The data that follows is to be copied exactly, with each image removed.

_____

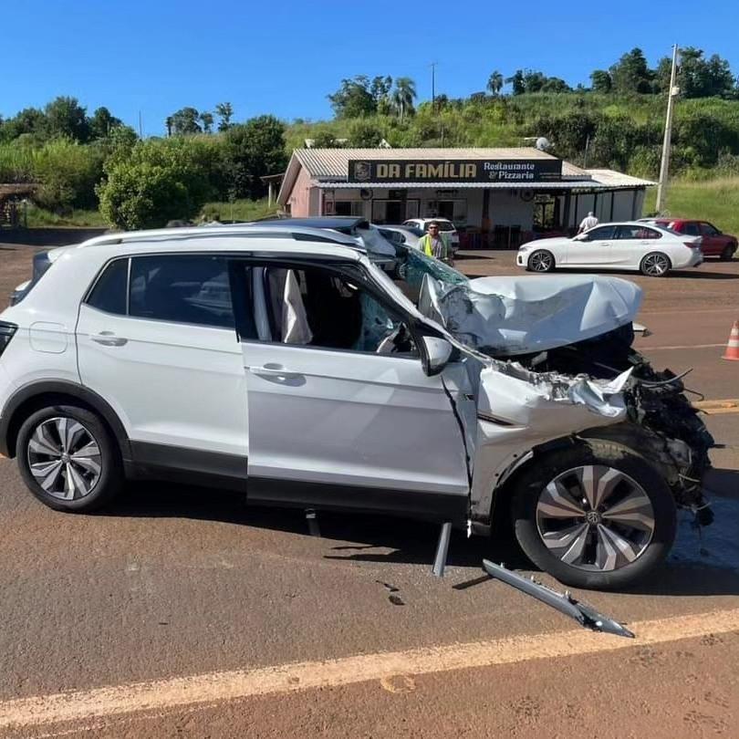 A motorista do T-Cross bateu na traseira de uma carreta, que estava parada às margens da rodovia.
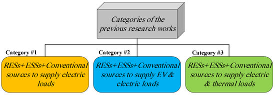 Different categories, according to the previous research works, in the field of the optimal sizing and techno-economic assessment of hybrid energy systems.
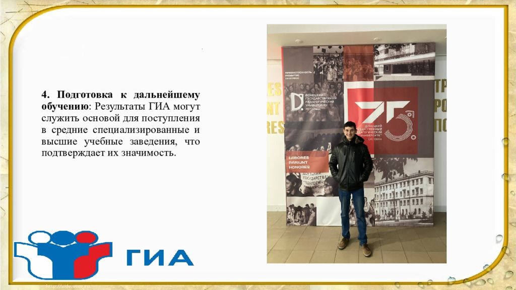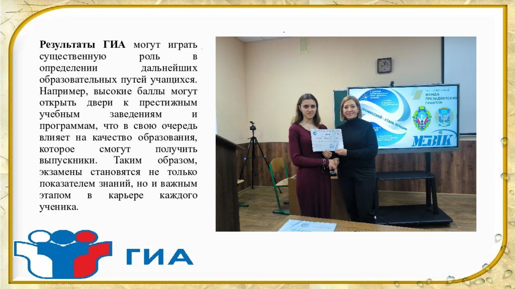 4. Подготовка к дальнейшему обучению : Результаты ГИА могут служить основой для поступления в средние специализированные и высшие учебные заведения, что подтверждает их значимость.
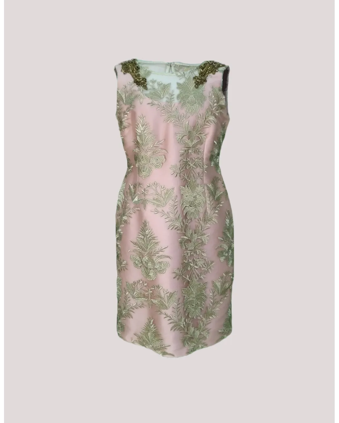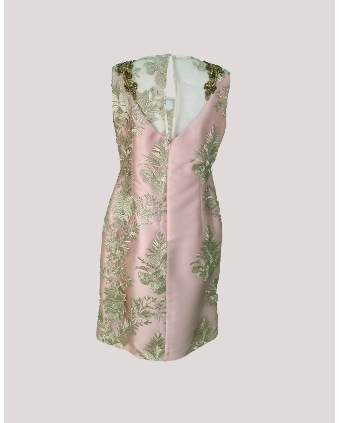 Vestido corto bordado en tul, de hombros anchos y apliques de pedrería en hombros.
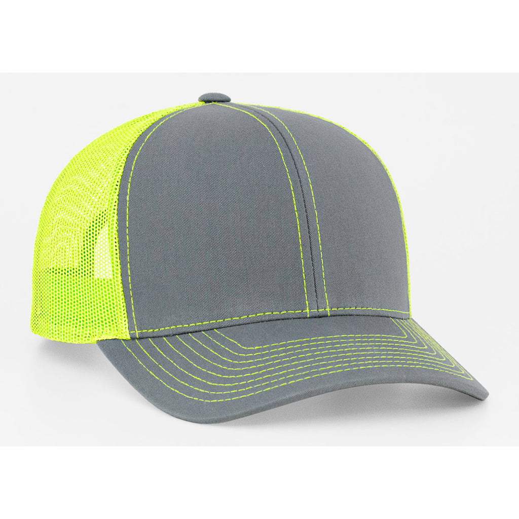Turn the logoed Pacific Headwear Graphite/Neon Yellow Snapback Trucker Mesh Cap into a corporate gift the loyal customers of your business will never forget. The lightweight, pro model shaped mesh cap contains cotton and polyester blended front panels that withstand the rigors of athletic competitions. Wear the versatile cap outdoors performing home improvement projects. The trucker mesh back encourages the flow of air to cool your head on the warmest days of the year. Add a custom logo to the large imprint area located on the front of the cap to expand the presence of your company in the community.Highlights
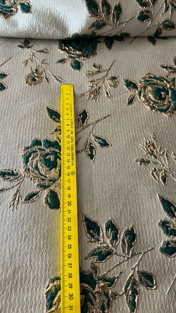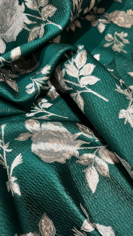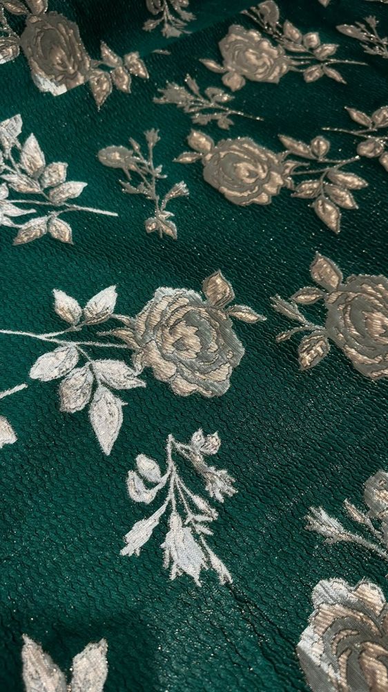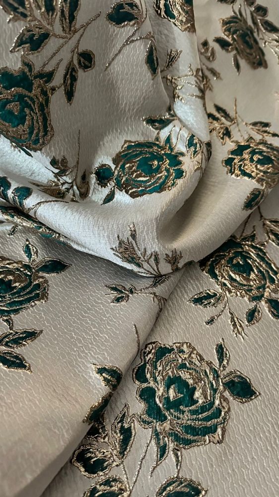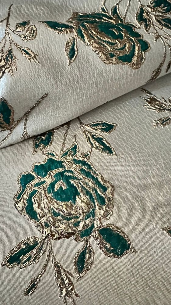 Tecido Jacquard Brocado Dupla Face Green & Rose

_____

* _Reply to the exercise_:
 A motorista do T-Cross bateu na traseira de uma carreta, que estava parada às margens da rodovia.
 Different categories, according to the previous research works, in the field of the optimal sizing and techno-economic assessment of hybrid energy systems.
 4. Подготовка к дальнейшему обучению : Результаты ГИА могут служить основой для поступления в средние специализированные и высшие учебные заведения, что подтверждает их значимость.
 Vestido corto bordado en tul, de hombros anchos y apliques de pedrería en hombros.
Turn the logoed Pacific Headwear Graphite/Neon Yellow Snapback Trucker Mesh Cap into a corporate gift the loyal customers of your business will never forget. The lightweight, pro model shaped mesh cap contains cotton and polyester blended front panels that withstand the rigors of athletic competitions. Wear the versatile cap outdoors performing home improvement projects. The trucker mesh back encourages the flow of air to cool your head on the warmest days of the year. Add a custom logo to the large imprint area located on the front of the cap to expand the presence of your company in the community.Highlights
 Tecido Jacquard Brocado Dupla Face Green & Rose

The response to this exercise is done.